====== GIVEN DATA ======
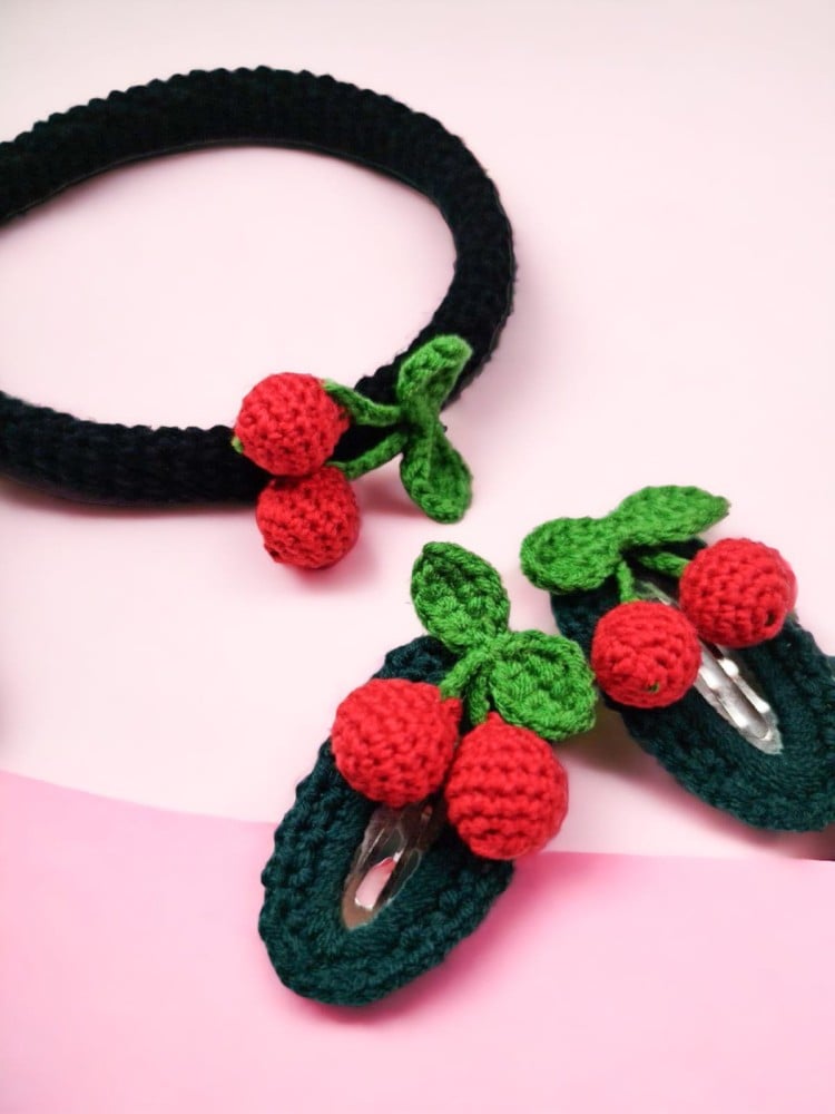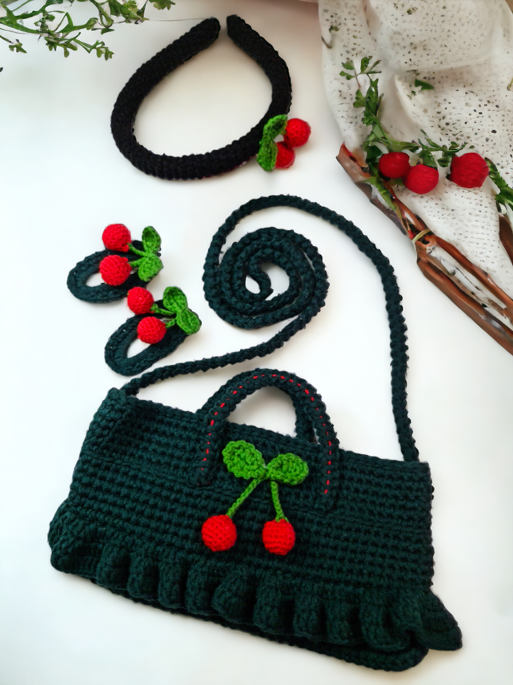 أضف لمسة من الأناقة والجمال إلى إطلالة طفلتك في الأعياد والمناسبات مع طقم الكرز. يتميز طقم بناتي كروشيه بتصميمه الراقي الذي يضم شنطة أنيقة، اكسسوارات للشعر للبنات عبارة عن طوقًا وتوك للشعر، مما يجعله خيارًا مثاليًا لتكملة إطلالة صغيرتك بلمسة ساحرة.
======
====== GIVEN DATA ======
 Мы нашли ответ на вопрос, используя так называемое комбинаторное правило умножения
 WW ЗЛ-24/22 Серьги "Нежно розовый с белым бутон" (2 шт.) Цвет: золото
======
====== GIVEN DATA ======
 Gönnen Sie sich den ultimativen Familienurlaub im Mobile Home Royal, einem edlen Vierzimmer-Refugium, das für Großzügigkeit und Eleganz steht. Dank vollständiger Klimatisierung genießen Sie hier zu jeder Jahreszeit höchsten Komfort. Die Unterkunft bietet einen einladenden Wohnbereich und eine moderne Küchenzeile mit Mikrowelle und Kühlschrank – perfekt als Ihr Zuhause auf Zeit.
======
BRIEF » Within the listing above, the range opens at the line with "Мы нашли ответ" and closes at the line with "WW ЗЛ-24/22 Серьги". Reproduce exactly the lines of that range, including both ends.

ANSWER SECTION »
 Мы нашли ответ на вопрос, используя так называемое комбинаторное правило умножения
 WW ЗЛ-24/22 Серьги "Нежно розовый с белым бутон" (2 шт.) Цвет: золото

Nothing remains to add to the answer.